Azione Trani chiede al sindaco Bottaro di fare un grande regalo di Natale, alto 18 metri, come l'albero in Piazza della Repubblica, ai malati oncologici di Trani e di tutta la Bat. Sarebbe un gran segno di civiltà e di sensibilità nei confronti di chi soffre di una malattia che riguarda tutti quanti indistintamente.

Una richiesta che facciamo non a caso proprio al sindaco in quanto già in periodo Covid, "a suo dire", ha dimostrato capacità e determinazione nel saper affrontare una situazione di notevole emergenza sanitaria. 

Purtroppo ognuno di noi è a rischio di vivere la triste esperienza di avere un malato oncologico in fase avanzata di malattia a casa e non più ricoverabile, come è giusto che sia. Pertanto ci si rivolge a chi è in grado di aiutare le famiglie in questo percorso. 

Per esperienza personale e riportataci da molti familiari di pazienti oncologici, si scopre che, al momento, sul territorio c’è un solo ente, Ant, che svolge questa attività in convenzione con la Asl Bt. 

Una assistenza deficitaria, vista la mole di lavoro, che costringe a rivolgersi ad un altro ente specializzato, l'Arges e grazie alla sua equipe si ha un aiuto in più.

Nell'occasione  siamo venuti a conoscenza dal dott. Vincenzo Falco, responsabile dell'associazione, che ad oggi non vi è traccia del nuovo bando di gara per l'affidamento del servizio di assistenza domiciliare oncologica in convenzione con la stessa azienda sanitaria, o meglio, di una apertura della direzione aziendale, per manifestazione di interesse, verso chi è in grado di fornire assistenza domiciliare a norma per la legge 38 dell’aprile 2010.

Il rischio è che si vada verso una proroga del servizio in scadenza il 31 dicembre prossimo e nuovamente ad esclusivo appannaggio di un solo operatore.

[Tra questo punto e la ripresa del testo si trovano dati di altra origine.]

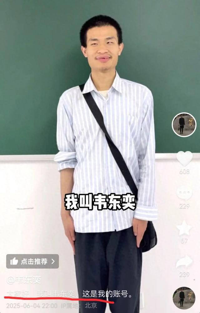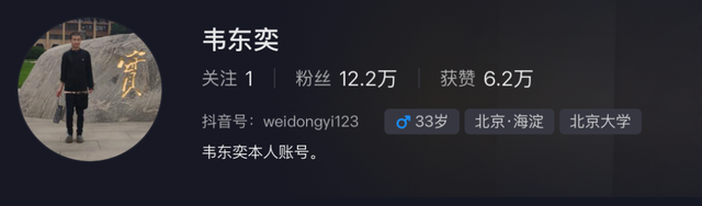 6月6日,有网友在短视频平台发现一账号用户名为韦东奕,用的是真名和真实图像,且在介绍中明确说了是韦东奕本人账号。

Attualmente i malati oncologici sono in tutto 1.400 all'anno nella Bat e un'associazione soltanto non può coprire il fabbisogno giornaliero.

L'Arges nonostante il servizio in convenzione sia stato sospeso il 16 settembre scorso continua ad operare sul territorio assistendo i malati oncologici con infermieri e medici qualificati.

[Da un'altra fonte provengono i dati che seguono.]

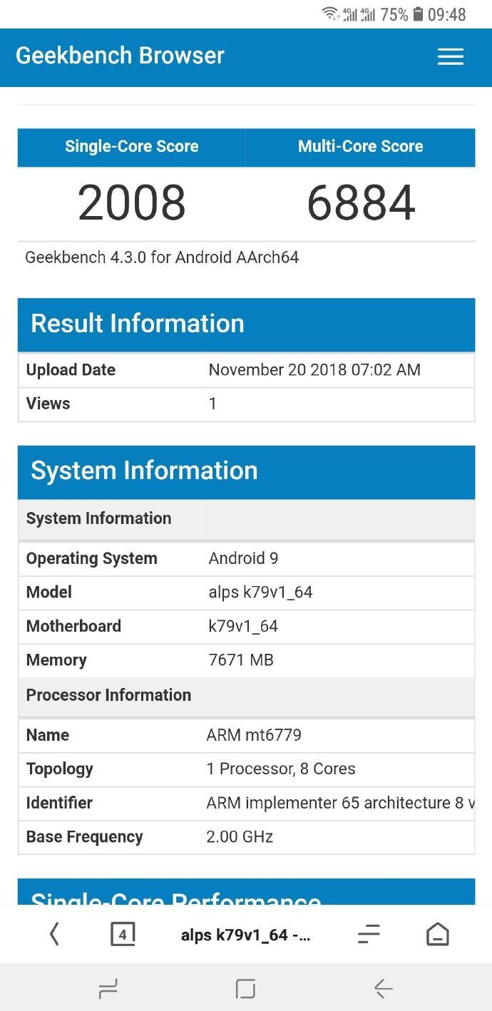 根据最新曝光的Geekbench跑分记录来看,联发科Helio P80型号为MT6779,单核心成绩为2008分,多核心为6884分,这意味着其终于用上了A75核心,主频为2GHz。这款工程机型配备了8GB运存,运行Android 9系统。

Il  problema è che l'associazione  è costretta a  fare acquistare il materiale sanitario ai pazienti mentre così non sarebbe se fosse  in convenzione.

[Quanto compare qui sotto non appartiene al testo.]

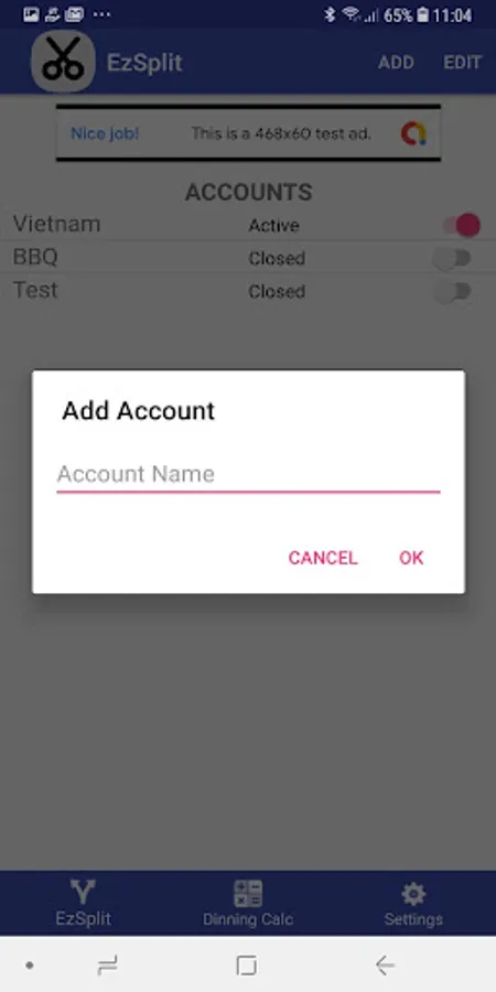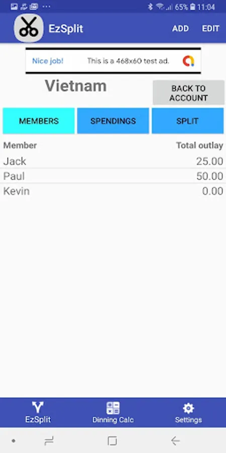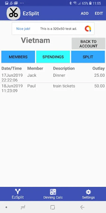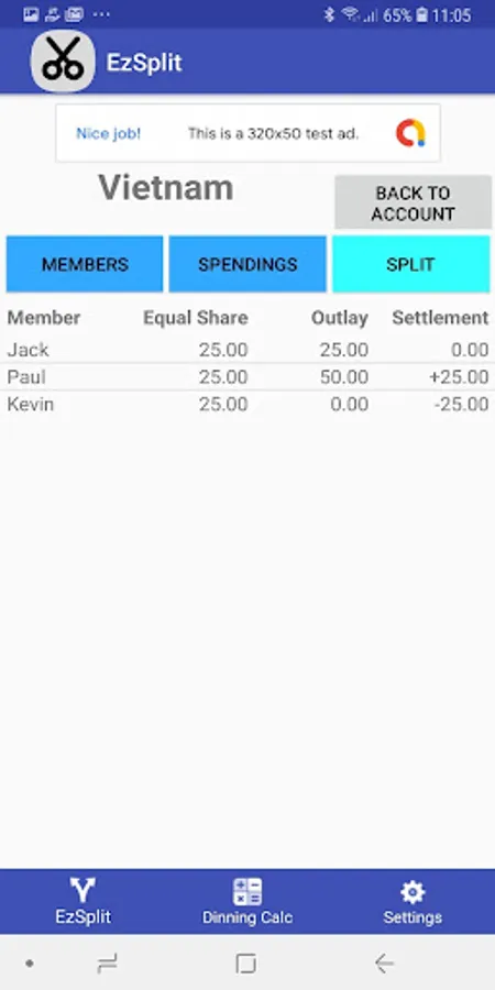 Simply create an account, add members to the account and start recording expenses incurred by each members, when ready to settle simply hit the split button. Each member equal share and differences are automatically calculated. After settlement, you can turn off the account or simply delete it.

Arges infatti ha tutti i requisiti per partecipare al bando in quanto già faceva parte della stessa  prima dello stop di settembre.

Il dott. Falco ha scritto più volte agli organi competenti, si è rivolto al direttore del dipartimento del benessere animale e della salute dott. Montanaro e alla Asl Bt, protocollando istanze, e ha informato anche il sindaco, ma nessuno ad oggi ha mai risposto.

Un comportamento inaccettabile da organi istituzionali che dovrebbero invece garantire i servizi essenziali ai cittadini e le cure palliative ai malati di cancro.

Così facendo a rimetterci non sono solo i pazienti oncologici, ma anche  la sanità in quanto un ricovero ospedaliero costa molto di più che prestare le cure a domicilio, senza tralasciare il calore e l'amore che  un paziente oncologico riceve stando a casa in famiglia.

Una richiesta, quella di bandire l'avviso pubblico e di non concedere una proroga ad una sola associazione, che da coordinatrice di Azione Trani sono certa che il sindaco, accoglierà con urgenza facendosi intermediario con Asl Bt e Regione per il bene dei cittadini e dell'intero territorio.

Azione Trani e l'intera cittadinanza tranese attendono risposte concrete dal primo cittadino, essendo lui la prima autorità sanitaria. Il suo silenzio significherebbe girare le spalle a chi con sofferenza ogni giorno combatte tra la vita e la morte.